Ben's typical nets 180 6/8 inches despite 17 inches of deductions. Talk about a trophy whitetail! Fans of both typical and non-typical racks will agree that Ben Sutton has taken the buck of a lifetime before he was old enough to buy a bottle of champagne to celebrate his achievement. Even so, don't spend too much time feeling sorry for him. Buoyed by the confidence of youth, he told me he intends to tag a bigger buck in 2005.

DAVID SPARKS, NEVADA
If you're wearing a cap, get ready, because you'll soon have an urge to tip it both to a magnificent buck and to the man who shot him. David Sparks doesn't live on a Missouri Century Farm, and neither does he hunt on a high-dollar private land lease. To the contrary, he works as an anesthetist at the Nevada hospital and does his deer hunting on public land.
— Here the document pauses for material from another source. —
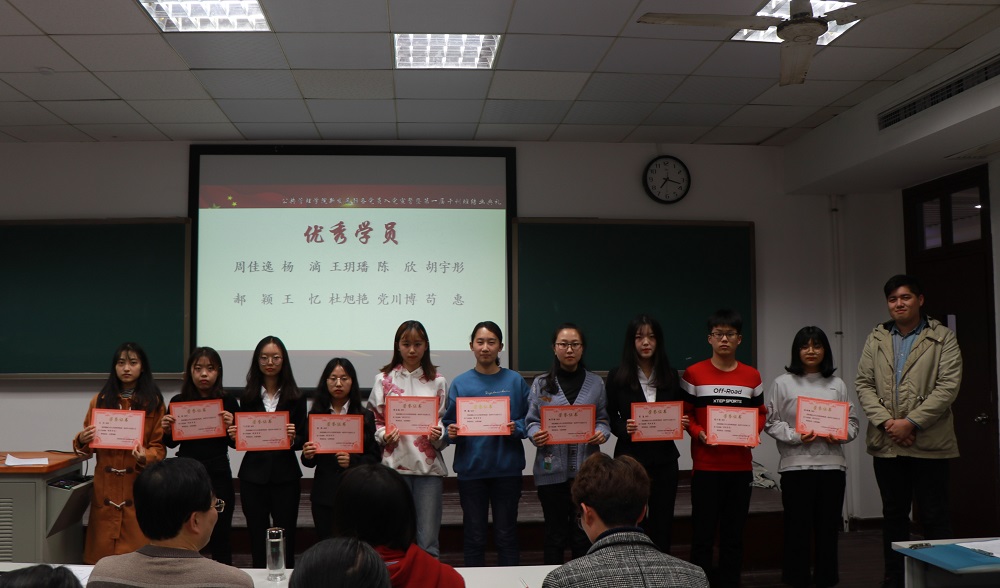 闫振振老师宣读了本届青马班结业决定。本届干训班共有40名学员参加,共开展了包括两期学生干部工作能力培训、“不忘初心,牢记使命”理论知识考试、党课教育、定向越野素质拓展以及红色教育基地参观在内的六期培训活动。院团委组织部结合干训班学员在整个六期活动中的表现,秉承公平、公正、公开的原则,严格按照考核细则对参加干部培训班的学员进行量化考评,最终评选出鲁佳琪、刘昱呈等20名优秀学员。作为优秀学员代表的2019级本科生鲁家琪同学说道,“我希望同学们能大胆尝试,减少自身偏见带给自己的不利影响,利用学院安排的活动提升自己,让自己离卓越更近一步。”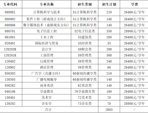 2022年阳光学院专升本招生计划

Sparks demonstrated what -- to me at least -- is a true passion for deer and deer hunting by shooting a doe on opening day. Here, obviously, is a man who doesn't need antlers to feel that he's been deer hunting.

On the other hand, Sparks, like most of us, welcomes any opportunity to take a trophy whitetail. So the following Friday after taking the doe, he drove to a block of public bottomland that he hadn't hunted before.